🤖 AI Summary
This paper addresses the limitation of rule-based models (e.g., decision trees) in capturing spurious correlations and failing to identify causal relationships. To overcome this, we propose a novel method integrating invariant causal prediction with the set-covering machine framework. Our approach is the first to embed environment-invariance constraints into binary conjunctive/disjunctive rule learning and introduce a causal sufficiency test, enabling polynomial-time theoretical guarantees for identifying the causal parents of the target variable. Unlike conventional interpretable models, our method achieves both strong interpretability and causal robustness. We provide formal theoretical proofs of correct causal identification and empirically demonstrate significant improvements over state-of-the-art baselines across multiple synthetic and real-world datasets. The method consistently extracts valid causal rules under challenging conditions—including label noise, covariate shift, and distributional shifts—while preserving computational efficiency and transparency.
📝 Abstract
Rule-based models, such as decision trees, appeal to practitioners due to their interpretable nature.

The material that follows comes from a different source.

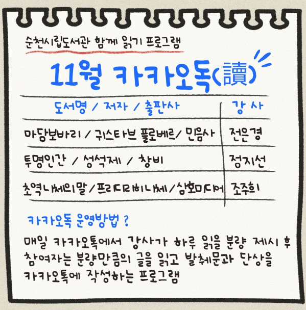 ¿î¿µÀº īī¿ÀÅå ´Üü´ëȹ濡 Áöµµ °»ç°¡ ¸ÅÀÏ ÀÐÀ» ºÐ·®°ú ÇÔ²² ¸®µå¹®(Ã¥À» Àдµ¥ µµ¿òÀÌ µÇ´Â ±Û)À» ¿Ã¸®¸é, Âü¿©ÀÚµéÀÌ ±×³¯ ÀÐÀº ºÐ·® Áß Àλó ±íÀº ±¸Àý°ú ªÀº °¨»óÆòÀ» °øÀ¯ÇÏ´Â ¹æ½ÄÀ¸·Î ÁøÇàµÈ´Ù.

However, the learning algorithms that produce such models are often vulnerable to spurious associations and thus, they are not guaranteed to extract causally-relevant insights. In this work, we build on ideas from the invariant causal prediction literature to propose Invariant Causal Set Covering Machines, an extension of the classical Set Covering Machine algorithm for conjunctions/disjunctions of binary-valued rules that provably avoids spurious associations. We demonstrate both theoretically and empirically that our method can identify the causal parents of a variable of interest in polynomial time.